▸ BRIEF
None of the pictures should be copied, though every line of the listing must be printed exactly.
──────── GIVEN DATA ────────
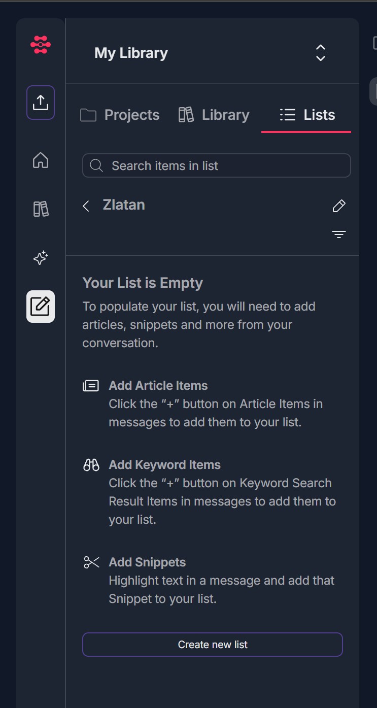 - You see "Your List is Empty" and the message: "To populate your list, you will need to add articles, snippets and more from your conversation."
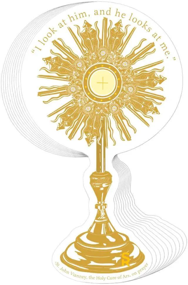 • When St. John Vianney asked a certain peasant of Ars what he did in the church looking at the tabernacle, the humble man responded, "Nothing, I look at Him, and He looks at me." What a simple, beautiful explanation of prayer and contemplation! This sticker featuring a monstrance along with this simple yet profound quote is a wonderful way to be reminded of how we can grow in relationship with God through prayer, Eucharistic adoration, and time together.
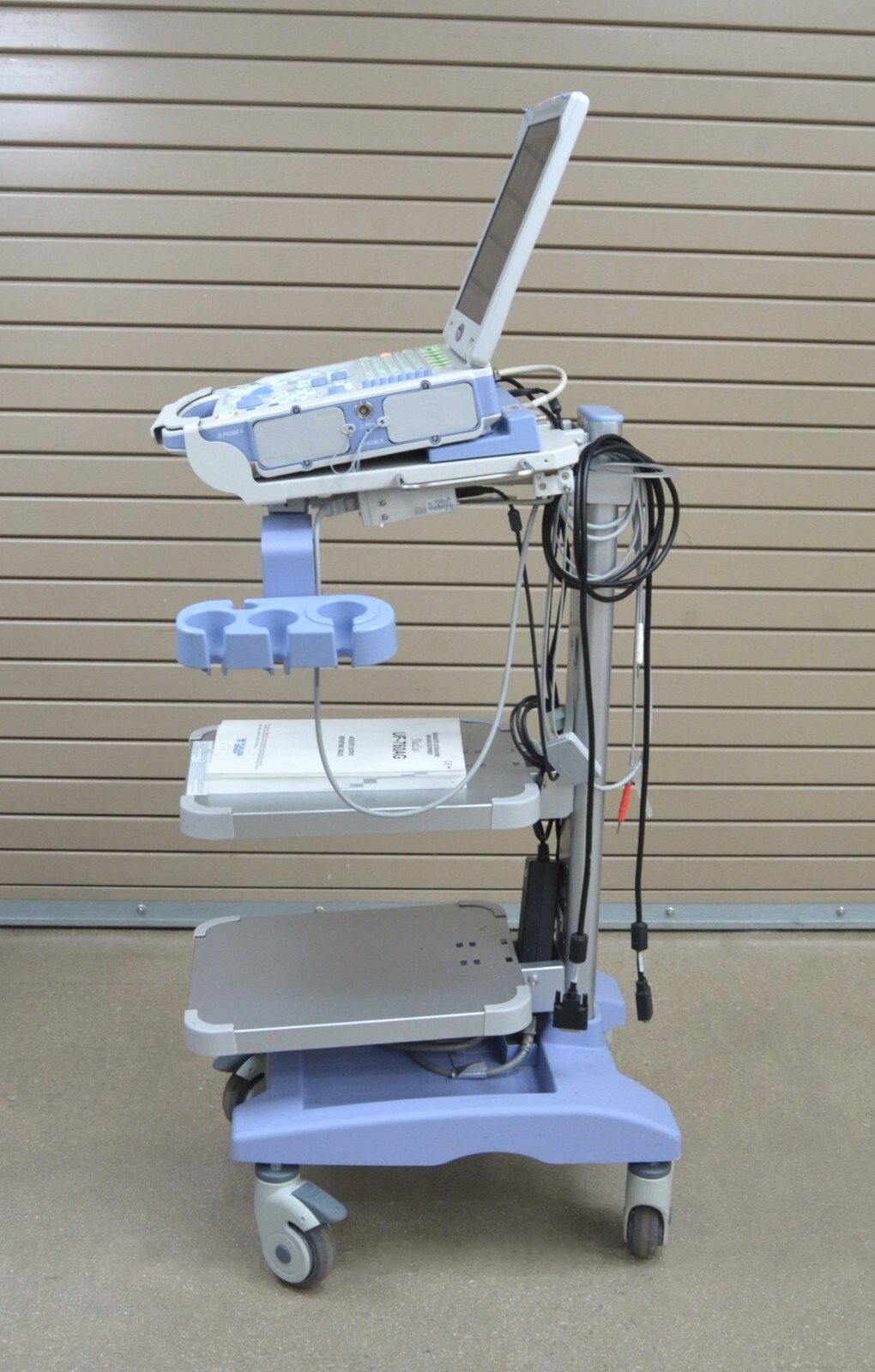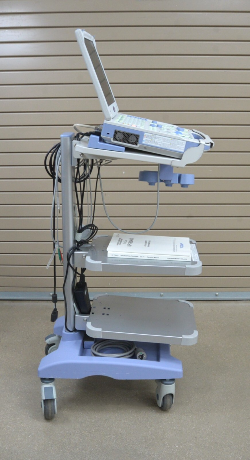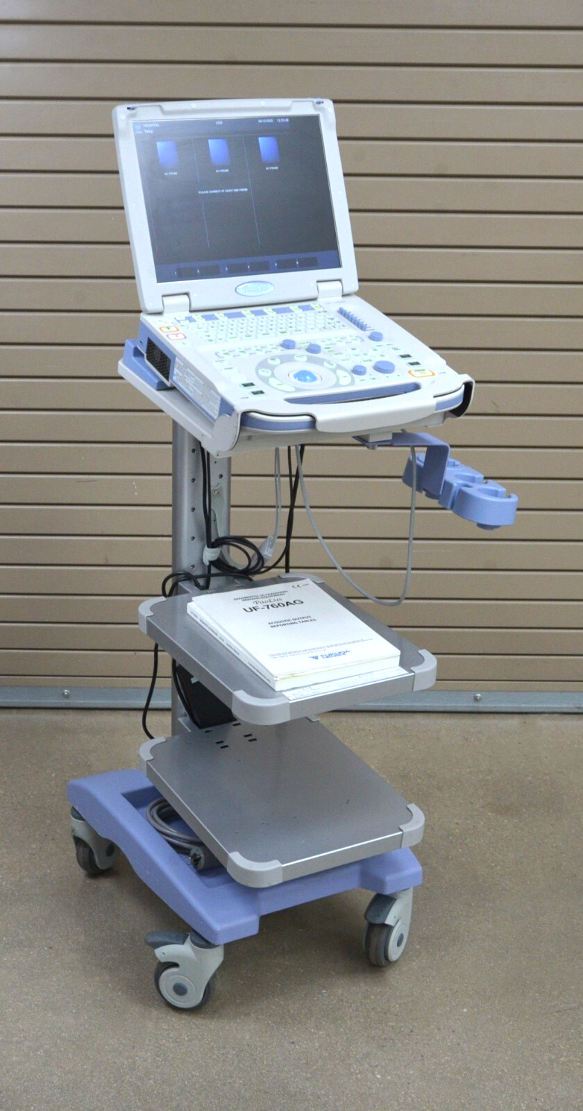 This Fukuda Denshi PaoLus UF-760AG Portable Color System With Cart is in great working condition. The unit powers on properly. The display screen produces a clear image and responds properly to selection. The battery holds a charge. There are some minor scuff marks from previous use (see photos). This unit comes with a 30 day satisfaction guarantee. Includes everything in the pictures and nothing else.
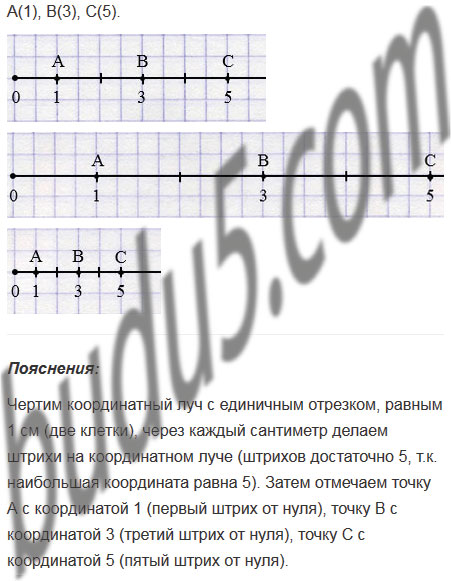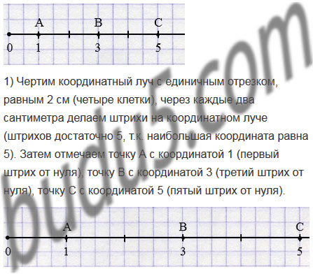 Отметьте на координатном луче точки, соответствующие числам 1, 3, 5, если единичный отрезок равен 1 см. Начертите еще два координатных луча и отметьте на них эти же числа, выбрав за длину единичного отрезка: 1) 2 см; 2) 5 мм.
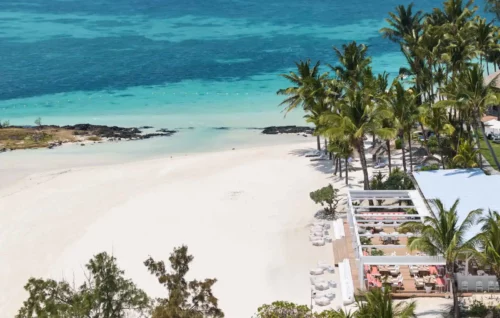 Vue aérienne de la plage, LUX* Belle Mare, Île Maurice
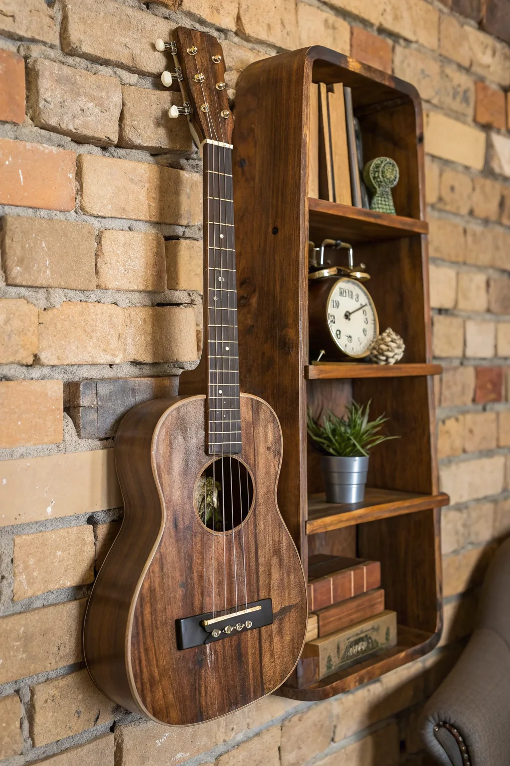 I once turned an old guitar into a shelf, and it was an instant conversation starter. Just remove the strings, add a few small boards, and you’ve got a unique place to showcase your treasures.
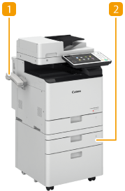 給紙カセットを1つ追加できます。給紙カセット1と異なるサイズの用紙をセットできるほか、収納スペースも利用できます。
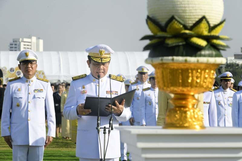 โดยนายกรัฐมนตรีกล่าวน้อมรำลึกในพระมหากรุณาธิคุณ เนื่องในโอกาสวันคล้ายวันเฉลิมพระชนมพรรษาพระบาทสมเด็จพระปรมินทรมหาภูมิพลอดุลยเดช บรมนาถบพิตร ความว่า เนื่องในวันคล้ายวันเฉลิมพระชนมพรรษาของพระบาทสมเด็จพระปรมินทรมหาภูมิพลอดุลยเดช บรมนาถบพิตร ในวันนี้ ข้าพระพุทธเจ้า พลเอกประยุทธ์ จันทร์โอชา นายกรัฐมนตรี พร้อมด้วยคณะรัฐมนตรี ข้าราชการ และพสกนิกรชาวไทยทุกหมู่เหล่า ที่ได้มาชุมนุมกันอย่างพร้อมเพรียง ณ ที่แห่งนี้ ล้วนมีจิตใจตั้งมั่นในกตัญญูกตเวทิตาน้อมรำลึกถึงพระมหากรุณาธิคุณอันหาที่สุดมิได้
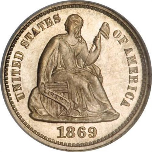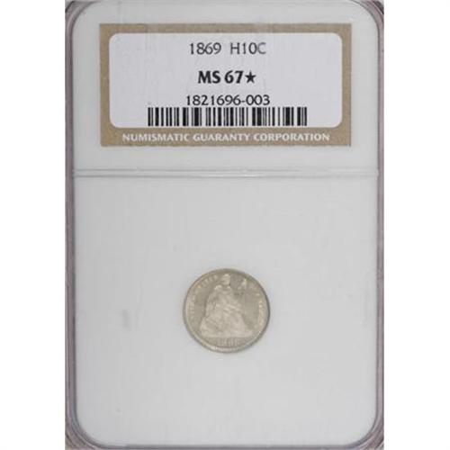 <B>1869 H10C MS67 <img src="/images/star.gif" width="10" height="10" alt="" border="0"> NGC.</B></I> Gently toned in apricot hues, this well struck and moderately prooflike half dime is nearly immaculate, except for several tiny ticks near 9 o'clock on the reverse. A better issue in Mint State, the mintage of 208,000 pieces is low when compared with the multi-million piece productions in 1861 and 1872. NGC Census: 1 in 67 <B><img src="/images/star.gif" width="10" height="10" alt="" border="0"></B></I>, 1 finer as MS68 without a star designation (12/07).<BR><BR><B>Coin Engraver:</B> Christian Gobrecht<BR><BR><b>Shipping:</b> Coins & Currency (<a target="_blank" href="http://www.heritageauctions.com/common/shipping.php">view shipping information</a>)
────────
▸ ANSWER BOX
 - You see "Your List is Empty" and the message: "To populate your list, you will need to add articles, snippets and more from your conversation."
 • When St. John Vianney asked a certain peasant of Ars what he did in the church looking at the tabernacle, the humble man responded, "Nothing, I look at Him, and He looks at me." What a simple, beautiful explanation of prayer and contemplation! This sticker featuring a monstrance along with this simple yet profound quote is a wonderful way to be reminded of how we can grow in relationship with God through prayer, Eucharistic adoration, and time together.
 This Fukuda Denshi PaoLus UF-760AG Portable Color System With Cart is in great working condition. The unit powers on properly. The display screen produces a clear image and responds properly to selection. The battery holds a charge. There are some minor scuff marks from previous use (see photos). This unit comes with a 30 day satisfaction guarantee. Includes everything in the pictures and nothing else.
 Отметьте на координатном луче точки, соответствующие числам 1, 3, 5, если единичный отрезок равен 1 см. Начертите еще два координатных луча и отметьте на них эти же числа, выбрав за длину единичного отрезка: 1) 2 см; 2) 5 мм.
 Vue aérienne de la plage, LUX* Belle Mare, Île Maurice
 I once turned an old guitar into a shelf, and it was an instant conversation starter. Just remove the strings, add a few small boards, and you’ve got a unique place to showcase your treasures.
 給紙カセットを1つ追加できます。給紙カセット1と異なるサイズの用紙をセットできるほか、収納スペースも利用できます。
 โดยนายกรัฐมนตรีกล่าวน้อมรำลึกในพระมหากรุณาธิคุณ เนื่องในโอกาสวันคล้ายวันเฉลิมพระชนมพรรษาพระบาทสมเด็จพระปรมินทรมหาภูมิพลอดุลยเดช บรมนาถบพิตร ความว่า เนื่องในวันคล้ายวันเฉลิมพระชนมพรรษาของพระบาทสมเด็จพระปรมินทรมหาภูมิพลอดุลยเดช บรมนาถบพิตร ในวันนี้ ข้าพระพุทธเจ้า พลเอกประยุทธ์ จันทร์โอชา นายกรัฐมนตรี พร้อมด้วยคณะรัฐมนตรี ข้าราชการ และพสกนิกรชาวไทยทุกหมู่เหล่า ที่ได้มาชุมนุมกันอย่างพร้อมเพรียง ณ ที่แห่งนี้ ล้วนมีจิตใจตั้งมั่นในกตัญญูกตเวทิตาน้อมรำลึกถึงพระมหากรุณาธิคุณอันหาที่สุดมิได้
 <B>1869 H10C MS67 <img src="/images/star.gif" width="10" height="10" alt="" border="0"> NGC.</B></I> Gently toned in apricot hues, this well struck and moderately prooflike half dime is nearly immaculate, except for several tiny ticks near 9 o'clock on the reverse. A better issue in Mint State, the mintage of 208,000 pieces is low when compared with the multi-million piece productions in 1861 and 1872. NGC Census: 1 in 67 <B><img src="/images/star.gif" width="10" height="10" alt="" border="0"></B></I>, 1 finer as MS68 without a star designation (12/07).<BR><BR><B>Coin Engraver:</B> Christian Gobrecht<BR><BR><b>Shipping:</b> Coins & Currency (<a target="_blank" href="http://www.heritageauctions.com/common/shipping.php">view shipping information</a>)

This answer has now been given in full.